I am so at home in Dublin, more than any other city, that I feel it has always been familiar to me. It took me years to see through its soft charm to its bitter prickly kernel - which I quite like too.

CHEAP SHOTS

 

On the death of Eric Hobsbawm at the beginning of last month, The Guardian wrote, in an editorial:

Few historians were as interested as Mr Hobsbawm in explaining the politics and economics of the present in the light of the lessons of the past. He looked the facts in the eye and drew his conclusions – occasionally wrong ones. But it helped him progress from the communist rigidities of his youth – and it may explain why the Soviet Union never published his books.

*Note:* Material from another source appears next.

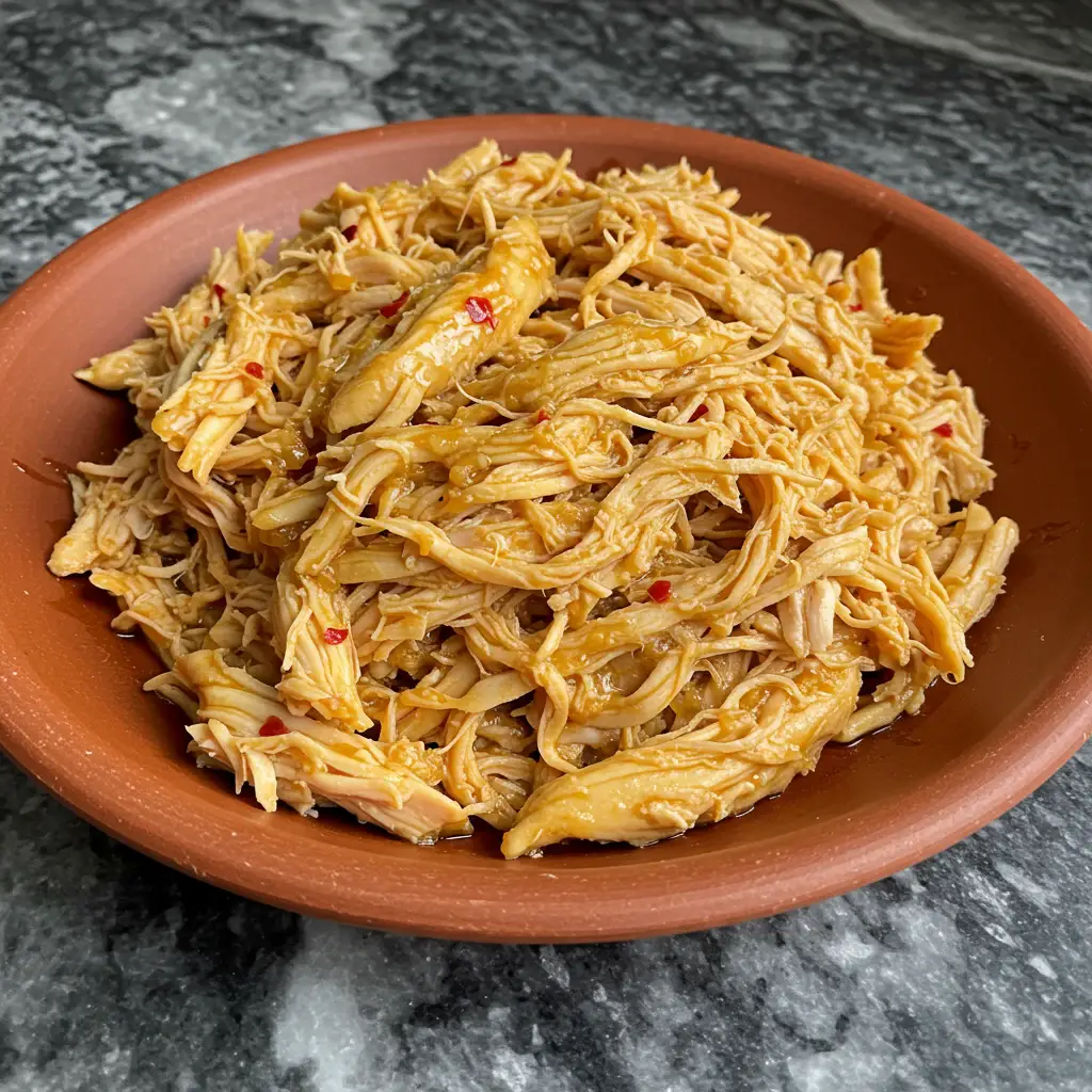 Adicione o frango desfiado ao molho e misture delicadamente. Deixe marinar por, pelo menos, 1 hora na geladeira.

It is scarcely surprising that a paper like The Guardian, whose sympathies are clearly with the left, should have looked kindly on Hobsbawm. Less so perhaps that Niall Ferguson would have called him one of the greatest historians of his generation, or The Spectator “arguably our greatest living historian—not only Britain’s, but the world’s”.

Many might quibble as to whether Hobsbawm’s conclusions were just “occasionally” wrong: he was consistently evasive about the scale of the crimes committed by the government of the Soviet Union and its satellites. Yet even such a noted and acerbic anti-communist as the late Tony Judt found Hobsbawm’s blindness about the hopes for humanity raised by communism – and his refusal to clearly dissociate from it even after the scales had fallen from his eyes ‑ “tragic rather than disgraceful”.

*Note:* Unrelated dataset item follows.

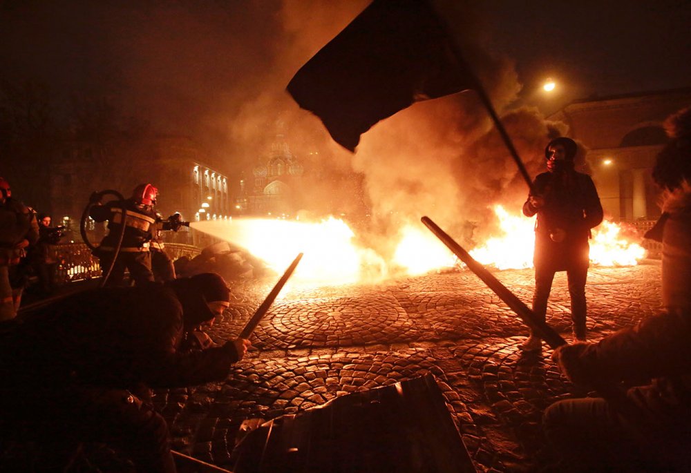 23 февраля 2014 года Павленский и еще пятеро активистов провели акцию на Мало-Конюшенном мосту в Петербурге, желая выразить поддержку киевскому Майдану. Они привезли на мост автомобильные покрышки, бензин, палки, металлические листы, черный анархисткий флаг и флаг Украины, сложили из покрышек баррикаду и подожгли ее, а также били по листам деревянными палками. Манифест акции гласит: «Горящие покрышки, флаги Украины, чёрные флаги и грохот ударов по железу — это песня освобождения и революции. Майдан необратимо распространяется и проникает в сердце Империи. Борьба с имперским шовинизм продолжается; храм Спаса на Крови — это место где народовольцы совершили успешное покушение на императора, жестоко расправлявшегося с освободительными восстаниями в Правобережной Украине, Польше, Литве и Белоруссии. Мы боремся за нашу и вашу свободу. В этот день, когда государство призывает праздновать день защитника отечества — мы призываем всех встать на праздник Майдана и защиту своей свободы. Мосты горят и назад дороги уже нет».

Not so AN Wilson, writing in The Financial Times (November 3rd/4th). For Wilson, once described as a young fogey, but now surely just an old one, Anne Applebaum’s no doubt excellent new book Iron Curtain “should be compulsory reading for very history student being taught by a pupil of the late historian Eric Hobsbawm …” (Why are friends of freedom like Wilson so fond of compulsory reading?) “ … Hobsbawm’s spider’s web,” he continues, “stretches all over the country, with Hobsbawm disciples in key positions in history faculties”.

If Hobsbawm and Hobsbawm disciples have indeed had an influence in British (and Irish) university history faculties, arguably its tendency as been to open minds rather than close them. Inviting young people in what we call a free society to look behind, or away from, accepted wisdom rarely does much harm. There are enough forces, God knows, that will tend to bring them back eventually to the mainstream. Wilson of course disagrees, indeed quite strongly so: “Hobsbawm has, in my view, done more damage to young people than Jimmy Savile.”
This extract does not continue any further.